Exercise goal:
Drop every image, then reproduce the data exactly as given.

Given information:
###

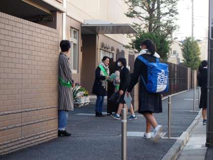 1年5組あいさつ運動最終日です。8時前から校門に立って迎えてくださる保護者の方には、いつもより早く起きて準備するというご苦労があるにも関わらず、すはらしい笑顔で生徒を迎えていただいています。本当にありがたいことです。
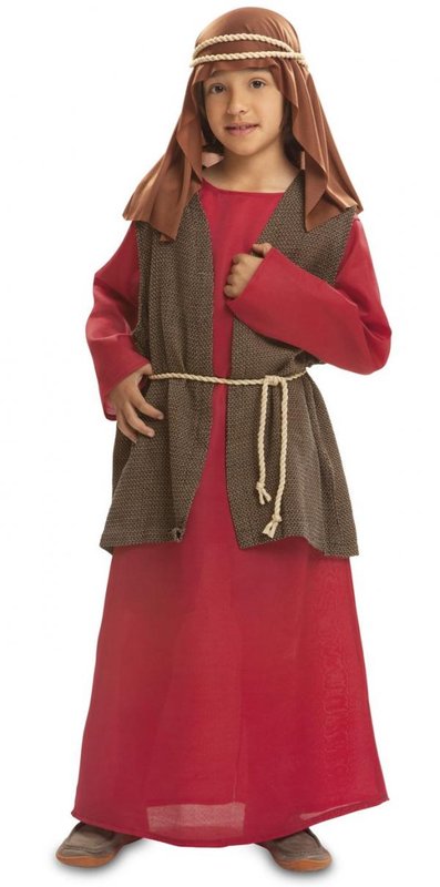 Součástí kostýmu je dlouhá červená róba s dlouhým rukávem, tmavohnědá dlouhá vesta, hnědý šátek na hlavu. Kostým je doplněn krémovým šňůrovým páskem a čelenkou.
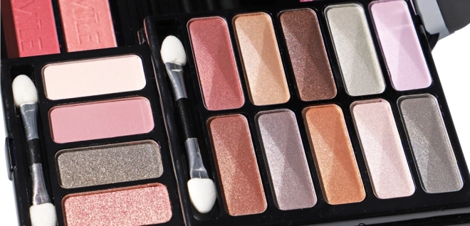 - Echipare completă într-un singur set: farduri, farduri de obraz, luciuri, pudre, creion, instrumente.

###

Completed exercise:
 1年5組あいさつ運動最終日です。8時前から校門に立って迎えてくださる保護者の方には、いつもより早く起きて準備するというご苦労があるにも関わらず、すはらしい笑顔で生徒を迎えていただいています。本当にありがたいことです。
 Součástí kostýmu je dlouhá červená róba s dlouhým rukávem, tmavohnědá dlouhá vesta, hnědý šátek na hlavu. Kostým je doplněn krémovým šňůrovým páskem a čelenkou.
 - Echipare completă într-un singur set: farduri, farduri de obraz, luciuri, pudre, creion, instrumente.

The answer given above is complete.